Operative mortality is about 5%. The best candidates for lung volume reduction surgery are patients with an FEV1 20 to 40% of predicted, a DLCO > 20% of predicted, significantly impaired exercise capacity, heterogeneous pulmonary disease on CT with an upper-lobe predominance, PaCO2 < 50 mm Hg, and absence of severe pulmonary hypertension and coronary artery disease.

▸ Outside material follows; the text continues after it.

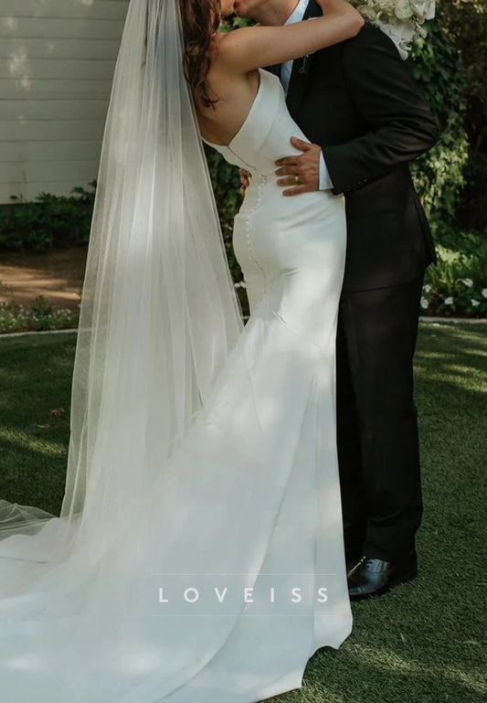 V-Neck Straps Sleek Fitted Mermaid Simple Wedding Dress

Rarely, patients have extremely large bullae that compress the functional lung. These patients can be helped by surgical resection of these bullae, with resulting relief of symptoms and improved pulmonary function. Generally, resection is most beneficial for patients with bullae affecting more than one third of a hemithorax and an FEV1 about half of the predicted normal value. Improved pulmonary function is related to the amount of normal or minimally diseased lung tissue that was compressed by the resected bullae. Serial chest x-rays and CT scans are the most useful procedures for determining whether a patient’s functional status is due to compression of viable lung by bullae or to generalized emphysema. A markedly reduced DLCO (< 40% predicted) indicates widespread emphysema and suggests a poorer outcome from surgical resection.
Lung transplantation
Lung transplantation can be single or double. Perioperative complications tend to be lower with single-lung transplantation, but some evidence shows that survival time is increased with double-lung transplantation. Candidates for transplantation are patients < 65 years with an FEV1 < 25% predicted after bronchodilator therapy or with severe pulmonary hypertension. The goal of lung transplantation is to improve quality of life, because survival time is not necessarily increased. The 5-year survival after transplantation for emphysema is 45 to 60%. Lifelong immunosuppression is required, with the attendant risk of opportunistic infections.
Endobronchial valves
Endobronchial valves that cause atelectasis of emphysematous target regions of the lung in selected patients who do not have collateral ventilation to these regions are available in selected centers. Placement of an endobronchial valve is an alternative to lung volume reduction surgery in some patients. Surgical lung volume reduction is usually bilateral, whereas bronchoscopic procedures are usually unilateral and therefore result in less improvement.
Key Points
Relieve symptoms of chronic obstructive pulmonary disease rapidly with primarily short-acting beta-adrenergic drugs and decrease exacerbations with inhaled corticosteroids, long-acting beta-adrenergic drugs, long-acting anticholinergic drugs, or a combination.
Optimize use of supportive treatments (eg, nutrition, pulmonary rehabilitation, self-directed exercise).